Kabila's government attributed blame to the Rwandan government and declared its unwillingness to participate in ceasefire talks until Rwandan and Ugandan troops were withdrawn from the DRC. Andre Kapanga, the DRC's ambassador to the United Nations, emphasized the importance of troop withdrawal as a prerequisite for meaningful dialogue on a ceasefire.
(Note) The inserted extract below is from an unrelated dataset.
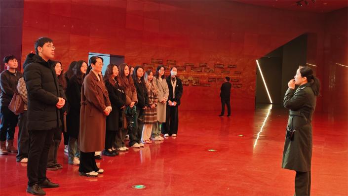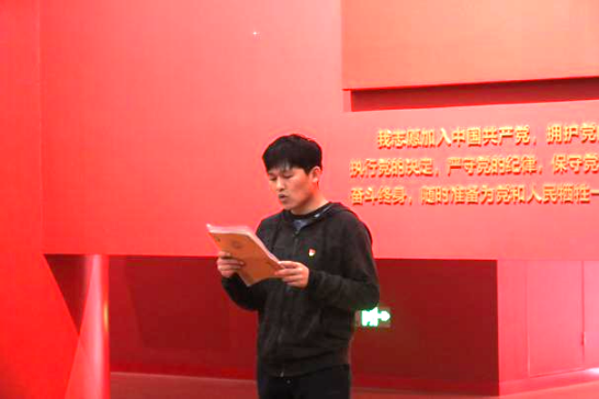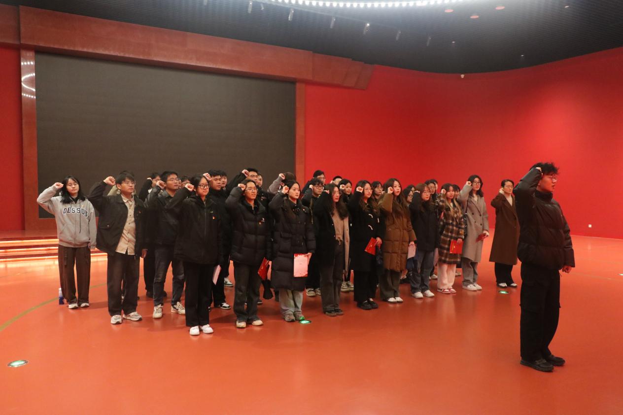 参观结束后,学院在纪念馆传承大厅举行新党员入党宣誓仪式,仪式由周天涯主持。老党员代表董景刚、新党员代表曹家轩分别发言,表明投身共产主义事业的坚定决心。许梓楠副书记及老党员代表分别为新党员发放《入党通知单》。随后举行了新党员入党宣誓仪式。

It was a dark night which changed the history of our land and our people. We lost our hope upon seeing the ‘Mwami’ (traditional leader) killed together with the members of the royal court. Nothing like that happened before in our tribe. The heart of the land was grieved. That night the Banyamulenge soldiers became our number one enemies…. With the passing of time, we have learned to forget. But we still wait to see if some representatives of Banyamulenge will come one day to ask forgiveness to the members of our tribe who are willing to forgive them.
— Kakozi Milenge, the survivor of the massacre, May 27, 2010

The United States, through the U.S. State Department, expressed its support for the Southern African Development Community's efforts to resolve the crisis in the DRC. The United States aligned itself with the regional initiative, endorsing the endeavor to bring an end to the conflict.

=== Nyindu community ===
The massacre deeply impacted the Nyindu community, leaving them overwhelmed by grief and trauma as they grappled with the loss of their loved ones and the devastation inflicted upon their homes. The Nyindu community initiated legal proceedings to hold the perpetrators accountable for their crimes. They urged the Congolese authorities to confront the root causes that fueled such violence.

The community also forged partnerships with local and international advocacy groups to establish support networks, counseling services, and empowerment initiatives to provide assistance to survivors and assist them in rebuilding their shattered lives.